Nani himself had risen, full of covert respect for the unobtrusive but terrible man whose hand was everywhere, even in the most distant corners of the earth, although he had never left his office. As Nani knew, despite his apparent nullity, Sarno, with his slow, methodical, ably organised work of conquest, possessed sufficient power to set empires in confusion.

“Has your Eminence recovered from that cold which distressed us so much?” asked Nani.

“No, no, I still cough. There is a most malignant passage at the offices. I feel as cold as ice as soon as I leave my room.”
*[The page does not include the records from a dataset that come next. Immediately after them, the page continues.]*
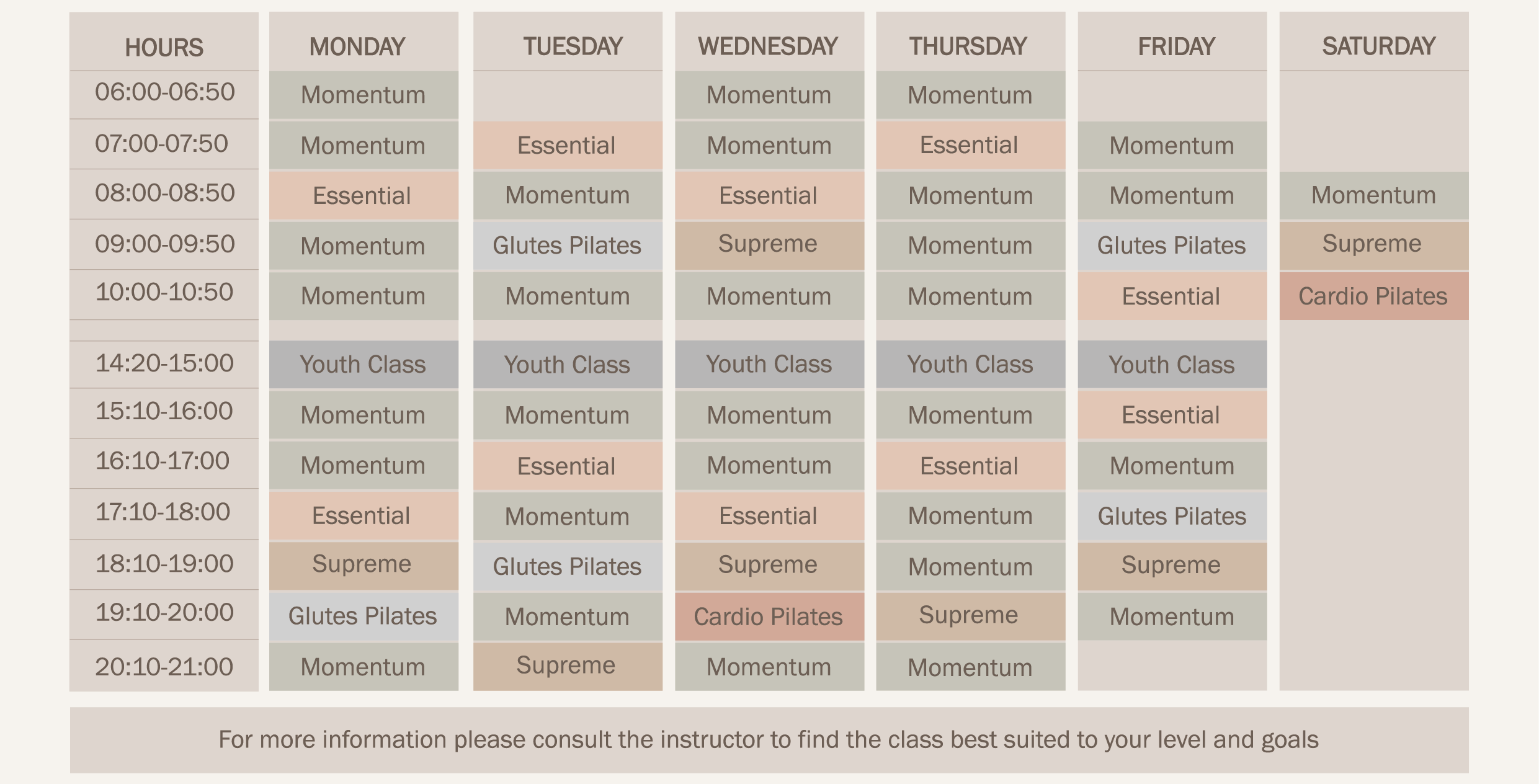 The Essential Group is for beginners and focuses on the basic principles of Pilates, aiming to strengthen the core and develop flexibility.
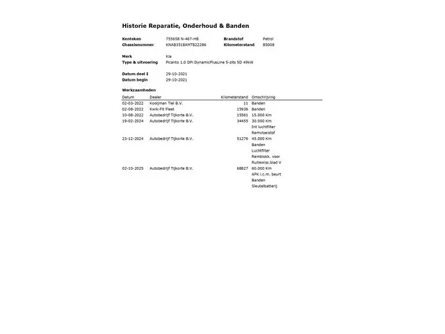 Voertuiggegevens van deze Kia Picanto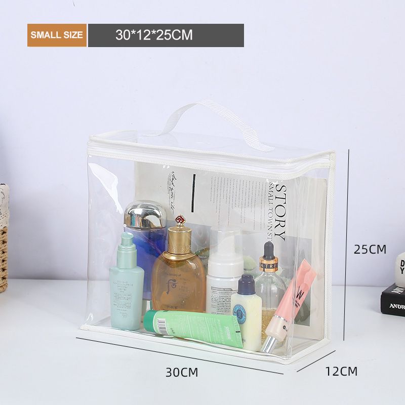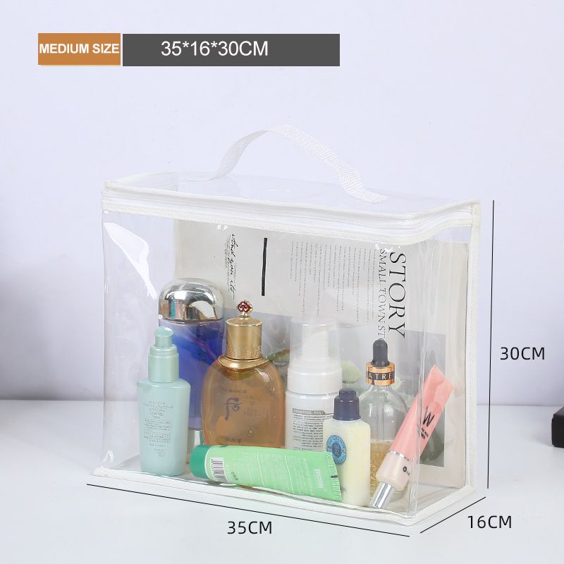 இதன் மூலம் உள்ளடக்கங்களைக் காணலாம்PVC தெளிவான தையல் ஜிப்பர் பை, உங்களுக்குத் தேவைப்படும்போது பொருட்களை எளிதாக பையிலிருந்து வெளியே எடுக்கவும். இது அழகுசாதனப் பொருட்களுக்கு மட்டுமல்ல, படுக்கைக்கும் பரவலாகப் பயன்படுத்தப்படுகிறது. கோடையில் தெளிவான தையல் ஜிப்பர் பைகளை கடற்கரைக்கு எடுத்துச் செல்வது ஒரு நல்ல தேர்வாகும், இது பாட்டில் தண்ணீர், டவர், புத்தகங்கள், சன்ஸ்கிரீன் போன்ற உங்கள் பொருட்களை ஈரப்பதம் அல்லது மணலில் இருந்து பாதுகாக்கும். உங்கள் பீச் லவுஞ்ச் நாற்காலிக்கு அருகில் தெளிவான ஜிப்பர் பையை வைக்கவும், நீங்கள் விரும்பும் போதெல்லாம் அதிலிருந்து பொருட்களை எடுத்துக்கொள்வது மிகவும் வசதியானது.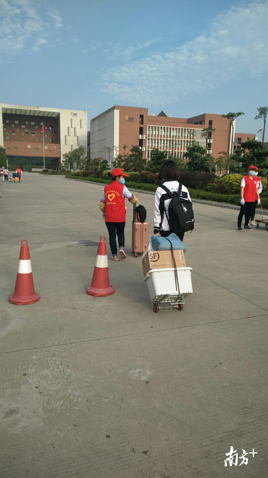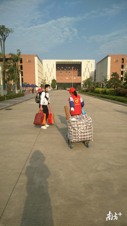#南海#“学校很贴心,校门口有很多志愿者帮忙带行李。”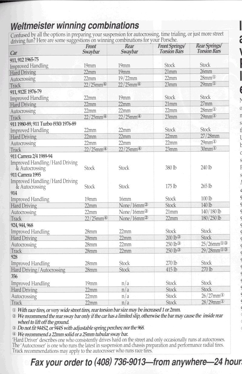 I am trying to figure out what the best set up would be for very spirited street driving. This is on a stock bodied car with factory 2.0 fuchs. Will be sticking with 4 lug. Here is what I was thinking. Rebuild front and rear calipers and install Good brake pads. Install crossdrilled rotors. Make sure the MC is in good working order and if not replace with Original. Install "T" in place of proportioning valve. FRONT-- Install new 21mm front torsion bars. Install properly grooved and greased softer PG Bushings along with zirk fittings on front A-arms. Install new Bilstein Sport inserts. REAR-- Install new Bilstein sports with coil over kit and 200lb springs. Install properly grooved and greased softer PG Bushings along with zirk fittings on rear trailing arms. Replace all front and rear stock sway bar bushings with new OEM. Buy, balance and install 4 new 205/60-15 tires and allign. Corner balance. Check and repalce any other wear items that might need it like ball joints and wheel bearings.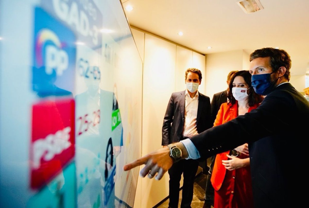 La dirigente madrileña seguirá el escrutinio desde la primera planta del edificio, la que corresponde el PP regional, mientras que el presidente del partido, Pablo Casado, lo hará en la séptima.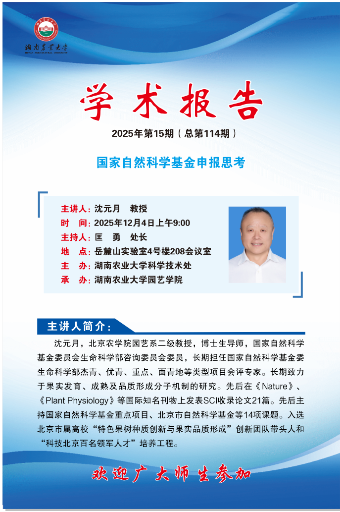 园艺讲坛第114期-名师讲坛:国家自然科学基金申报思考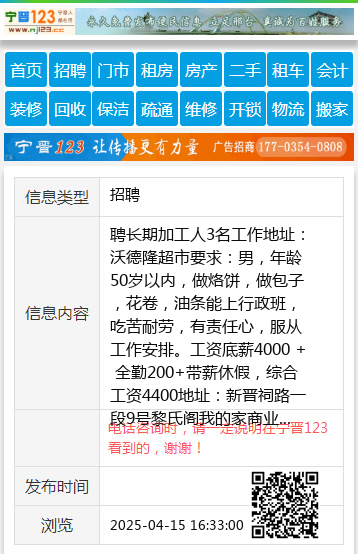 聘长期加工人3名 工作地址:沃德隆超市 要求:男,年龄50岁以内,做烙饼,做包子,花卷,油条能上行政班,吃苦耐劳,有责任心,服从工作安排。 工资底薪4000 + 全勤200+带薪休假,综合工资4400 地址:新晋祠路一段9号黎氏阁我的家商业广场二楼沃德隆超市。 有意者联系:18335920530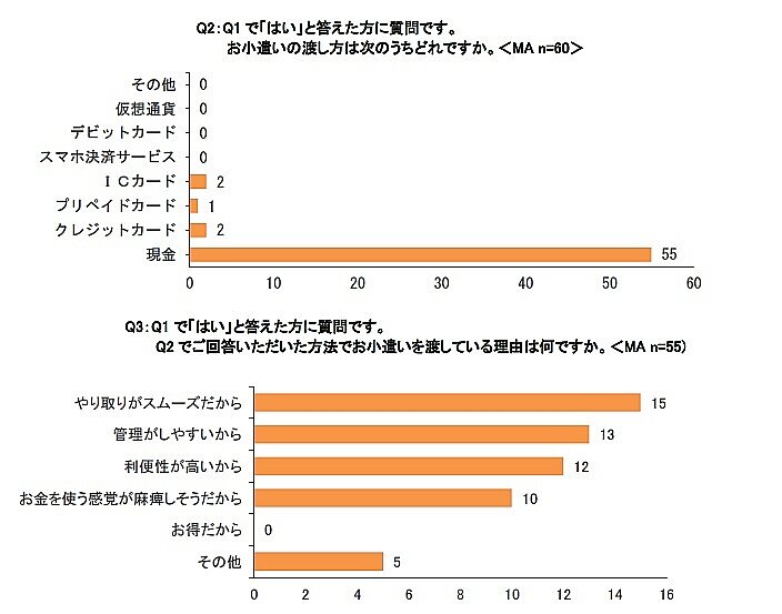 さらに「ご回答いただいた方法でお小遣いを渡している理由は何ですか」という質問には、「やり取りがスムーズだから」(15)という回答が最も多く、続いて「管理がしやすいから」(13)、「利便性が高いから」(12)、といった理由が多く挙がりました。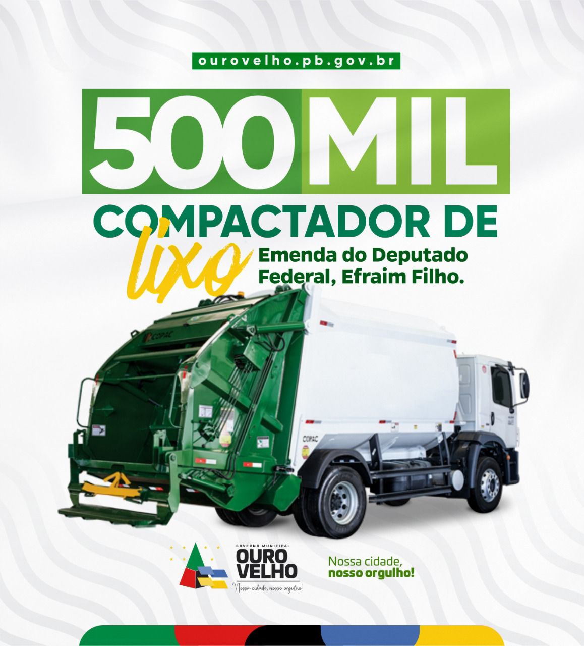 O prefeito de Ouro Velho, Dr. Augusto Valadares, anunciou nesta terça-feira (15), a conquista de uma emenda parlamentar para aquisição de um caminhão compactador de lixo para o municípip.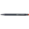 Aluminium and ABS ballpen with rubber coating and rubber tip for capacitive screens. When the pen is lasered, the imprint will show in colour. Blue ink.

From that moment Pierre felt quite little, virtually lost. He was not even introduced to the Cardinal. And yet he had to remain in the room for nearly another hour, looking around and observing. That antiquated world then seemed to him puerile, as though it had lapsed into a mournful second childhood. Under all the apparent haughtiness and proud reserve he could divine real timidity, unacknowledged distrust, born of great ignorance. If the conversation did not become general, it was because nobody dared to speak out frankly; and what he heard in the corners was simply so much childish chatter, the petty gossip of the week, the trivial echoes of sacristies and drawing-rooms. People saw but little of one another, and the slightest incidents assumed huge proportions. At last Pierre ended by feeling as though he were transported into some
salon
of the time of Charles X, in one of the episcopal cities of the French provinces. No refreshments were served. Celia’s old aunt secured possession of Cardinal Sarno; but, instead of replying to her, he simply wagged his head from time to time. Don Vigilio had not opened his mouth the whole evening. However, a conversation in a very low tone was started by Nani and Morano, to whom Donna Serafina listened, leaning forward and expressing her approval by slowly nodding her head. They were doubtless speaking of the dissolution of Benedetta’s marriage, for they glanced at the young woman gravely from time to time. And in the centre of the spacious room, in the sleepy glow of the lamps, there was only the young people, Benedetta, Dario, and Celia who seemed to be at all alive, chattering in undertones and occasionally repressing a burst of laughter.